Background/Objective

Monogenic diabetes is a rare type of diabetes that is commonly misdiagnosed as type 1 or 2 diabetes mellitus, which adversely impacts patient care. Such cases are particularly challenging given the heterogeneity in presentation and overlap with other types of diabetes. As the sole use of meglitinides, especially repaglinide, to treat HNF1A-associated monogenic diabetes has been rarely reported in a few other observational studies, we describe a patient who was treated successfully with repaglinide.

Case Report

A 38-year-old woman with type 1 diabetes mellitus, congenital deafness, chronic kidney disease, and retinopathy presented with difficulty controlling her blood glucose levels.
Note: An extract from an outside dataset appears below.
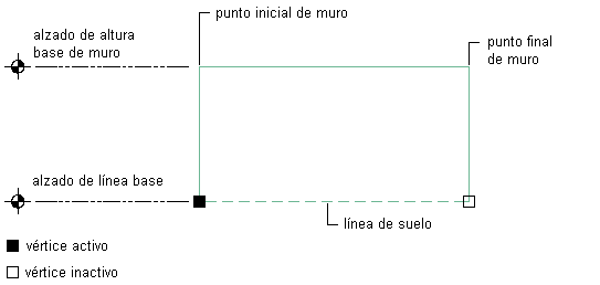 Se pueden modificar las líneas de cubierta y de suelo de los muros para crear muros no rectangulares.

Although initially treated with insulin, she had periods of noncompliance with insulin without experiencing diabetic ketoacidosis. Although on insulin therapy, she experienced multiple episodes of hypoglycemia. The laboratory tests showed a hemoglobin A1c level of 10.8%, c-peptide level of 2.7 ng/mL (1.1-4.4 ng/mL), glucose level of 192 mg/dL, creatinine level of 1.23 ng/dL, and severely increased microalbumin-to-creatinine ratio of 638 mg/g (normal range, 0-29 mg/g). Pancreatic autoantibodies were negative. Genetic testing revealed a diagnosis of HNF1A-associated monogenic diabetes (c. 1340C>T (p.P447L)). She was ultimately treated with repaglinide after trials of sulfonylureas and dipeptidyl peptidase 4 inhibitors led to frequent hypoglycemia and a significant increase in the hemoglobin A1c level, respectively.

Discussion

This case highlights the importance of correctly diagnosing monogenic diabetes and reports the successful use of repaglinide to treat HNF1A-associated monogenic diabetes.

Conclusion

Patients with HNF1A-associated monogenic diabetes who do not achieve euglycemia with sulfonylureas and insulin may be successfully treated with repaglinide monotherapy.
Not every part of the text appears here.